Training the next generation of educational planners in Madagascar

21 March 2023


Malagasy school children in their classroom.

Nearly 14 million children call Madagascar home. More than two in three of these children live in poverty, affecting their access to health care, decent homes, and opportunity. Ensuring equitable, inclusive, and quality education and lifelong learning for all can break this cycle and give this youthful nation’s population the best chance for the future. 

Education can also help Madagascar confront climate change and accelerate action, while the right combination of adaptation and mitigation measures can help protect learning, no matter what the future may bring.   

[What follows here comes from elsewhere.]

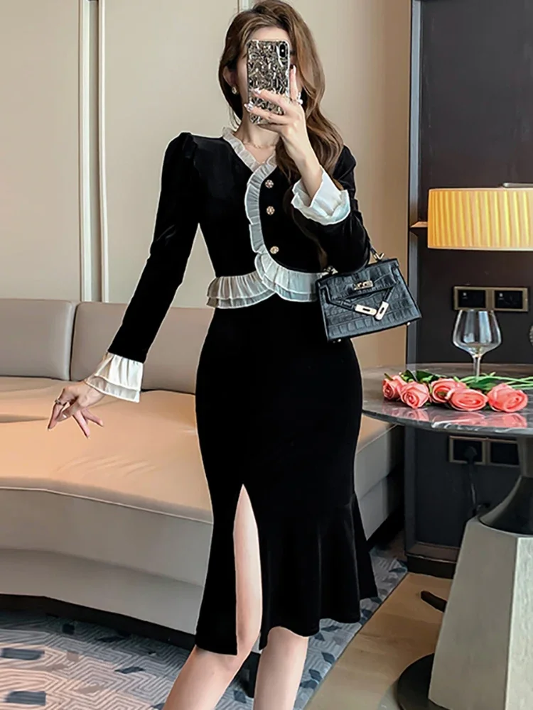 Осенне-зимнее черное бархатное платье с оборками Повседневное платье женское модное облегающее платье-Русалка 2023 корейские Роскошные вечерние платья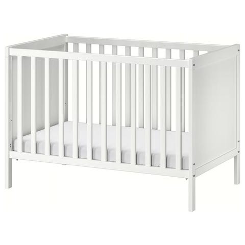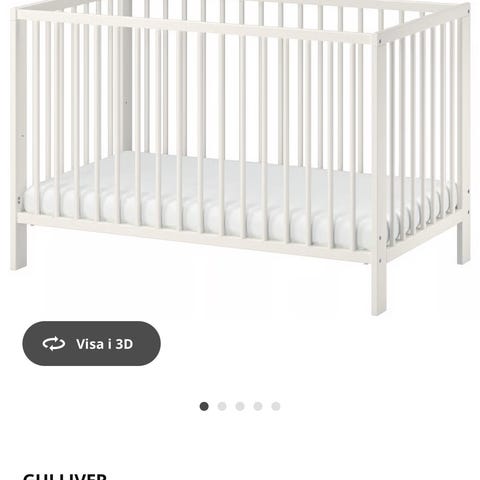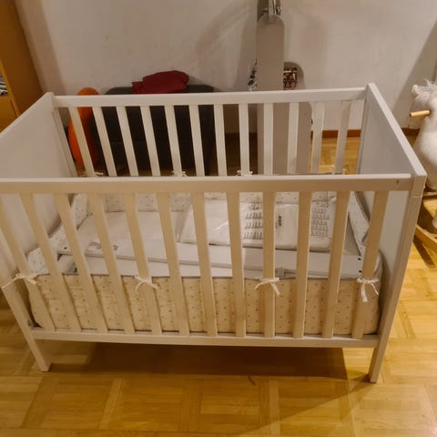 Spjälsäng i vitt trä med inbyggd elefantdekor på huvudgaveln. Passar för små barn och har en enkel, klassisk design. Sängen har spjälor runtom för säkerhet och en fast bottenplatta. Madrass ingår ej.

Madagascar, the world’s fifth largest island, is committed to achieving Sustainable Development Goal 4 and the Education 2030 Agenda. Today, the Ministry of National Education (MEN) is focusing on strengthening the education system by improving the capacities of the public administration in educational planning and management. 

This is being done through the Educational Planning and Information System Support Project (PAPESI), with funding from the World Bank and the Global Partnership for Education, and executed by UNESCO with technical support from IIEP, which is supporting the MEN's office for educational planning - the DPE or the Direction de la Planification de l'Education - in the implementation of various provisions of the new Education Orientation Law in Madagascar (LOSEM). While the project includes several components, one part is reshaping the role of the planner for the 21st century. 

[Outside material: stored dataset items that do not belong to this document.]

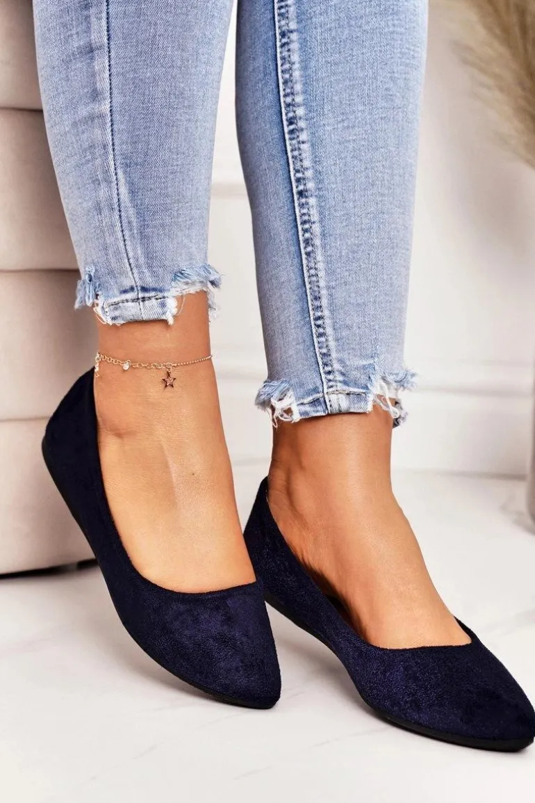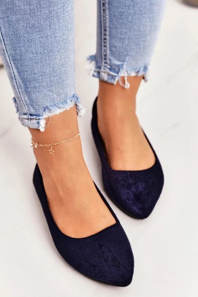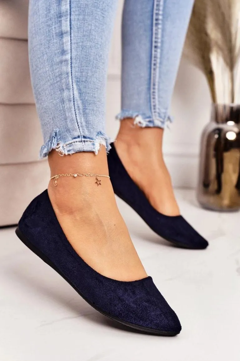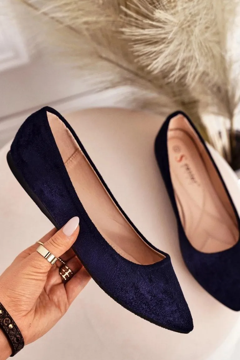Delikatne Baleriny W Szpic Zamszowe Granatowe Dermeno
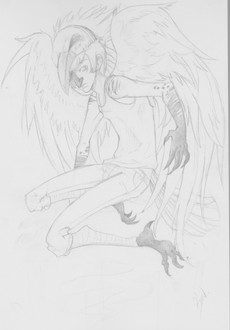 Mmm. I mentioned in a previous journal that I would be submitting some sketches from my book.Well, this is one from a couple weeks back. During my period of procrastination, my sketchbook got wet and so now half the pages are warped, including this one ( I fiddled in PS a bit so it's not so easy to tell >.>' ) and so I decided to scan it before something else got to it.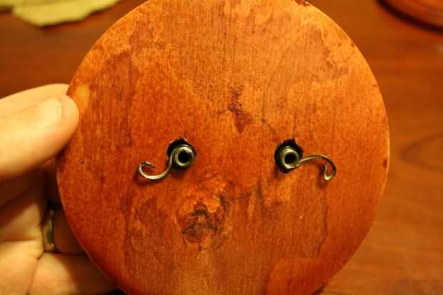 Unir las bases es probablemente la parte más fácil. Comience por dos agujeros en cada una de las 5 pulgadas de diámetro alrededor de las placas de montaje de madera para los pies montar en. El diámetro dependerá del diámetro de la bobina de acero flexible que encuentra. Los agujeros que ha perforado eran cada 1/4 de pulgada. Como la madera madera lisa, incoloro, también tuve que manchar y laca después de taladrar los agujeros. Si su base es similar, debes entonces mancha y terminar a su gusto. Usé una mancha cereza oscurezca, como encaja bien con mi decoración.

Reshaping the role of the planner 

The MEN is currently embarking on the first steps of a nationally-owned, long-term training strategy for its planners across the country – from the central level, the regional level (DREN) to the district level (CISCO). 

What are the key skills and functions of planners today, and what kinds of tools do they need? How should they be trained and with what kind of certification? 

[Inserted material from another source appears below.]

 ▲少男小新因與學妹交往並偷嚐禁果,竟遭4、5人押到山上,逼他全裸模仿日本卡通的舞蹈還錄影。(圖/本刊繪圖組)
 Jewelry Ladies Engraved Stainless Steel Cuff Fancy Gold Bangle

As IIEP accompanies the MEN during this reflection, a short-term training will be launched to respond to the immediate needs of planners, and to lay the foundation for long-term change. The first group of 44 education officers will come from all administrative levels. 

Using a practical and interactive approach, the training will combine face-to-face workshops and online components and will be anchored in the daily tools and work processes of the MEN. Two more groups will later join the training, reaching a total of more than 120 education officers in Madagascar. 

The training will also encourage dialogue and collaboration between the different administrative levels of the education system. Throughout the course, the participants will become familiar with the crisis-sensitive planning approach that IIEP has supported the MEN with to confront climate change, and risks such as more frequent cyclones. 

Overall, the goal is that the participants will develop the skills to develop and implement relevant and realistic annual and multi-year work plans. This will fill a significant gap in Madagascar’s public administration. 

In recent years, the Malagasy education system has grappled with a lack of training opportunities for its staff. After a wave of retirements several years ago, some planning positions also sat empty. The PAPESI project will now put in motion a new approach to better match job profiles for all planning units and to reduce turnover because of demographic trends or political changes. 

Legal recognition for planners 

In Madagascar, planners have a specific status in Public Administration. The recently established Education Orientation Law has formally recognized the role of the planner within the Ministry – making this project even more relevant. 

With this legal framework, the MEN has set the foundations to secure key technical staff within the education administration at central and decentralized levels, explains Hélène Bessières, an IIEP programme specialist leading the project in Madagascar. The tailor-made training implemented during the project should contribute to this objective.

Similar to IIEP’s capacity development project in Haiti, the IIEP team will also work with the MEN to review the existing planning tools. There are currently many tools available for planners, however, one challenge is that they are not always aligned or consistent. 

One key tool that will be reviewed is the school dashboard, which the MEN uses to see how schools are performing and to make important decisions on how to allocate resources. 

"The upcoming training will be an opportunity to discuss the tools, to see how the users feel, and especially at the decentralized level, to see what their needs are in the field," says Bessières.

This work is part of the support provided to the DPE in the modernization of the school map, which is part of article 22 of the Education Orientation Law.

"This will lay the groundwork for tools improvement down the line."

Foundational skills for planning quality education 

The training will address foundational planning skills and concepts. The participants will review the planning cycle, take stock of strengths and challenges in the education sector, craft strategies to improve the quality of education and address disparities, analyze funding sources, and examine tools and processes to make plans and programmes operational. 

While these skills are crucial for the here and now, Bessières explains that the training this year will go further to become embedded in the national strategy for educational planners, which would be aligned with the country’s 2038 Development Plan. 

With adequate funding, this 15-year strategy could help ensure career and skills development for the country’s educational planners for years to come.